(DATA PROVIDED begins)
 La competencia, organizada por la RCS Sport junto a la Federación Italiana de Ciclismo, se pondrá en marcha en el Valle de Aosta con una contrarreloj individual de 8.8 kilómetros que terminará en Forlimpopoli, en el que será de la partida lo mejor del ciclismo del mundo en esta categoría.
(DATA PROVIDED ends)
(DATA PROVIDED begins)
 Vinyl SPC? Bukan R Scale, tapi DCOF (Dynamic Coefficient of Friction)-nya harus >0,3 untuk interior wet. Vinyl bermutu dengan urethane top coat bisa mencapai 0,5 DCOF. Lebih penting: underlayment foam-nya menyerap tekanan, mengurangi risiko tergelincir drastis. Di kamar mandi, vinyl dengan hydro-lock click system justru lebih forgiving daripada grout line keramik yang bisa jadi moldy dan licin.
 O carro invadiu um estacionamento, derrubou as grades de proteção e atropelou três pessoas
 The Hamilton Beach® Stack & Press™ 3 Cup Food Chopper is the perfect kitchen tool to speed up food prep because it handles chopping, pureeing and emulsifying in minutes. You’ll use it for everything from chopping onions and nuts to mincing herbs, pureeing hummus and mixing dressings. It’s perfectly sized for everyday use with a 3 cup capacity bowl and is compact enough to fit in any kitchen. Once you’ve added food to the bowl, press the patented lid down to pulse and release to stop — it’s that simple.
(DATA PROVIDED ends)
— TASK DESCRIPTION —
Considering only the material above, set down every line from the one with "Vinyl SPC? Bukan" to the one with "The Hamilton Beach®", inclusive, exactly as written.

— EXERCISE OUTPUT —
 Vinyl SPC? Bukan R Scale, tapi DCOF (Dynamic Coefficient of Friction)-nya harus >0,3 untuk interior wet. Vinyl bermutu dengan urethane top coat bisa mencapai 0,5 DCOF. Lebih penting: underlayment foam-nya menyerap tekanan, mengurangi risiko tergelincir drastis. Di kamar mandi, vinyl dengan hydro-lock click system justru lebih forgiving daripada grout line keramik yang bisa jadi moldy dan licin.
 O carro invadiu um estacionamento, derrubou as grades de proteção e atropelou três pessoas
 The Hamilton Beach® Stack & Press™ 3 Cup Food Chopper is the perfect kitchen tool to speed up food prep because it handles chopping, pureeing and emulsifying in minutes. You’ll use it for everything from chopping onions and nuts to mincing herbs, pureeing hummus and mixing dressings. It’s perfectly sized for everyday use with a 3 cup capacity bowl and is compact enough to fit in any kitchen. Once you’ve added food to the bowl, press the patented lid down to pulse and release to stop — it’s that simple.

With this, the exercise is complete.